Повинуясь этому желтому знаку, я тоже свернул в переулок и пошел по ее
следам. Мы шли по кривому, скучному переулку безмолвно, я по одной стороне, а
она по другой. И не было, вообразите, в переулке ни души. Я мучился, потому что
мне показалось, что с нею необходимо говорить, и тревожился, что я не вымолвлю
ни слова, а она уйдет, и я никогда ее более не увижу.
И, вообразите, внезапно заговорила она:
- Нравятся ли вам мои цветы?
Я отчетливо помню, как прозвучал ее голос, низкий довольно таки, но со
срывами, и, как это ни глупо, показалось, что эхо ударило в переулке и
отразилось от желтой грязной стены. Я быстро перешел на ее сторону и, подходя к
ней, ответил:
- Нет.
Она поглядела на меня удивленно, а я вдруг, и совершенно неожиданно, понял,
что я всю жизнь любил именно эту женщину! Вот так штука, а? Вы, конечно,
скажете, сумасшедший?
- Ничего я не говорю,- воскликнул Иван и добавил:- Умоляю, дальше!
И гость продолжал:
- Да, она поглядела на меня удивленно, а затем, поглядев, спросила так:
- Вы вообще не любите цветов?
В голосе ее была, как мне показалось, враждебность. Я шел с нею рядом,
стараясь идти в ногу, и, к удивлению моему, совершенно не чувствовал себя
стесненным.
- Нет, я люблю цветы, только не такие,- сказал я.
- А какие?
- Я розы люблю.
Тут я пожалел о том, что это сказал, потому что она виновато улыбнулась и
бросила свои цветы в канаву. Растерявшись немного, я все-таки поднял их и
подал ей, но она, усмехнувшись, оттолкнула цветы, и я понес их в руках.
Так шли молча некоторое время, пока она не вынула у меня из рук цветы, не
бросила их на мостовую, затем продела свою руку в черной перчатке с раструбом в
мою, и мы пошли рядом.
- Дальше,- сказал Иван,- и не пропускайте, пожалуйста, ничего.
- Дальше?- переспросил гость,- что же, дальше вы могли бы и сами угадать.-
Он вдруг вытер неожиданную слезу правым рукавом и продолжал:- Любовь выскочила
перед нами, как из-под земли выскакивает убийца в переулке, и поразила нас
сразу обоих!
Так поражает молния, так поражает финский нож!
Она-то, впрочем, утверждала впоследствии, что это не так, что любили мы,
конечно, друг друга давным-давно, не зная друг друга, никогда не видя, и что
она жила с другим человеком, и я там тогда... с этой, как ее...

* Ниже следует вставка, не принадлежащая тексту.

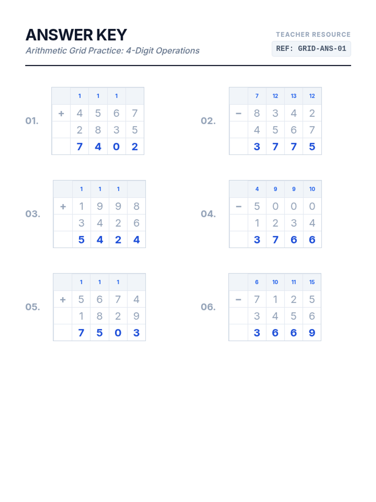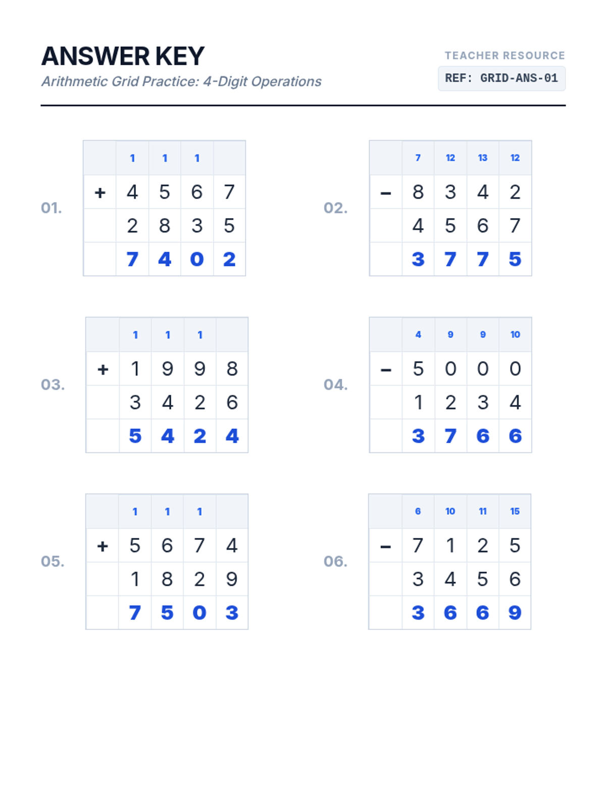 A specialized practice lesson on 4-digit addition and subtraction where every problem requires regrouping or carrying, presented on a clear grid layout for alignment.

- С кем?- спросил Бездомный.
- С этой... ну... с этой, ну...- ответил гость и защелкал пальцами.
- Вы были женаты?
- Ну да, вот же я и щелкаю... На этой... Вареньке, Манечке... нет,
Вареньке... еще платье полосатое... музей... впрочем, я не помню.
Так вот она говорила, что с желтыми цветами в руках она вышла в тот день,
чтобы я наконец ее нашел, и что если бы этого не произошло, она отравилась бы,
потому что жизнь ее пуста.
Да, любовь поразила нас мгновенно. Я это знал в тот же день уже, через час,
когда мы оказались, не замечая города, у Кремлевской стены на набережной.
Мы разговаривали так, как будто расстались вчера, как будто знали друг
друга много лет. На другой день мы сговорились встретиться там же, на
Москве-реке, и встретились. Майское солнце светило нам. И скоро, скоро стала
эта женщина моею тайною женой.
Она приходила ко мне каждый день, а ждать ее я начинал с утра. Ожидание это
выражалось в том, что я переставлял на столе предметы. За десять минут я
садился к оконцу и начинал прислушиваться, не стукнет ли ветхая калитка. И как
курьезно: до встречи моей с нею в наш дворик мало кто приходил, просто сказать,
никто не приходил, а теперь мне казалось, что весь город устремился в него.
Стукнет калитка, стукнет сердце, и, вообразите, на уровне моего лица за оконцем
обязательно чьи-нибудь грязные сапоги. Точильщик. Ну, кому нужен точильщик в
нашем доме? Что точить? Какие ножи?
Она входила в калитку один раз, а биений сердца до этого я испытывал не
менее десяти. Я не лгу. А потом, когда приходил ее час и стрелка показывала
полдень, оно даже и не переставало стучать до тех пор, пока без стука, почти
совсем бесшумно, не ровнялись с окном туфли с черными замшевыми
накладками-бантами, стянутыми стальными пряжками.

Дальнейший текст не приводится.